## [Dataset extract]
=======

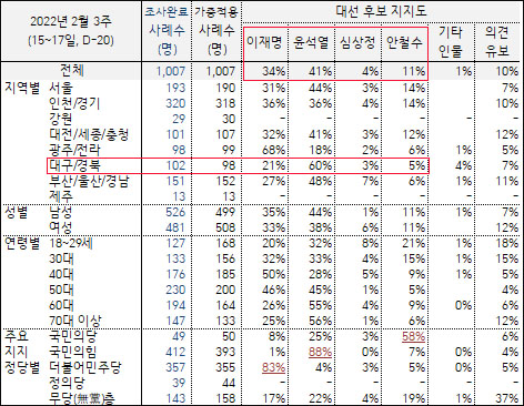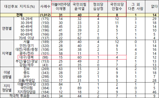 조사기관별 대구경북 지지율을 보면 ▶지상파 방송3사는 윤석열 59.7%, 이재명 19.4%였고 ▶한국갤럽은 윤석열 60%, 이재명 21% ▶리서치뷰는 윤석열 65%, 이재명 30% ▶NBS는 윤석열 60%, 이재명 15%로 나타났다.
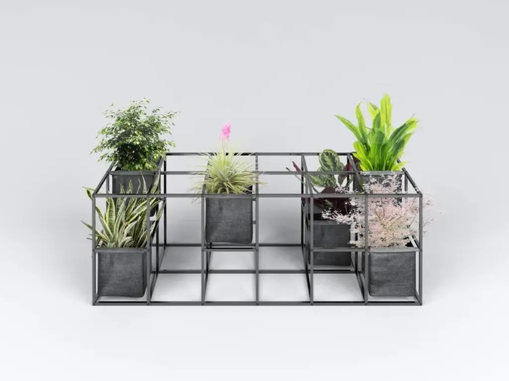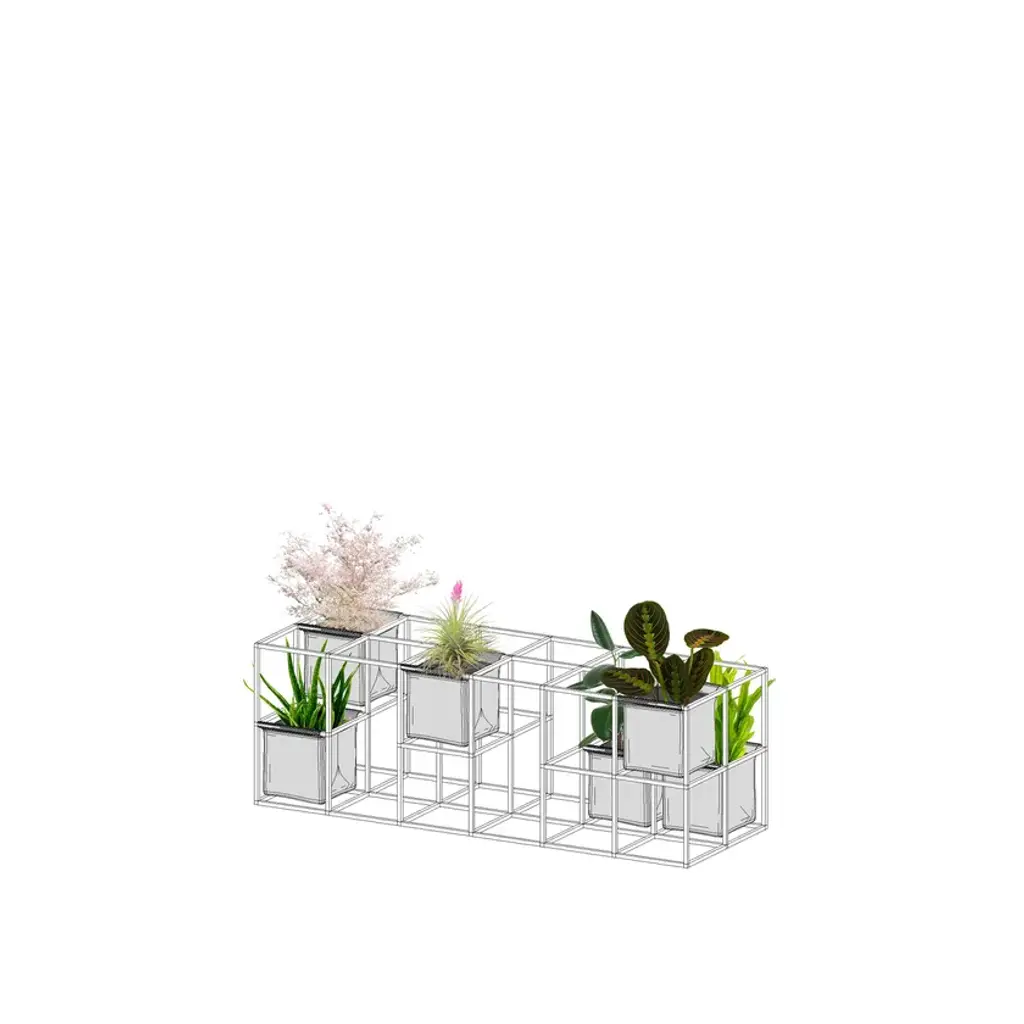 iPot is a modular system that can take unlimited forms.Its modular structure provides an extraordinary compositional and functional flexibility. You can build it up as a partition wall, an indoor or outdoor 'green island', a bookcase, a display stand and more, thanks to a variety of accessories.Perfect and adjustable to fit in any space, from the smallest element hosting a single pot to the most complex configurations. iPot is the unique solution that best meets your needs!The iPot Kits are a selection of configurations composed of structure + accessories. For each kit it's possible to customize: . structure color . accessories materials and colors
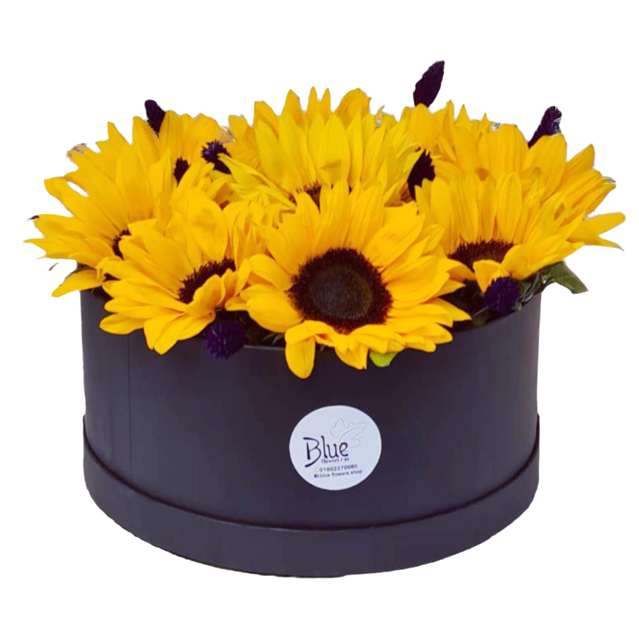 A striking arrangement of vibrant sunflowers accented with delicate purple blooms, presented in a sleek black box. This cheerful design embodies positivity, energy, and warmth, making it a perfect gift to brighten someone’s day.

=======

## [Problem]
Could you reproduce exactly the lines from the first line of the listing through the line containing "iPot is a modular", both included, with pictures left out?

## [Result of the exercise]
 조사기관별 대구경북 지지율을 보면 ▶지상파 방송3사는 윤석열 59.7%, 이재명 19.4%였고 ▶한국갤럽은 윤석열 60%, 이재명 21% ▶리서치뷰는 윤석열 65%, 이재명 30% ▶NBS는 윤석열 60%, 이재명 15%로 나타났다.
 iPot is a modular system that can take unlimited forms.Its modular structure provides an extraordinary compositional and functional flexibility. You can build it up as a partition wall, an indoor or outdoor 'green island', a bookcase, a display stand and more, thanks to a variety of accessories.Perfect and adjustable to fit in any space, from the smallest element hosting a single pot to the most complex configurations. iPot is the unique solution that best meets your needs!The iPot Kits are a selection of configurations composed of structure + accessories. For each kit it's possible to customize: . structure color . accessories materials and colors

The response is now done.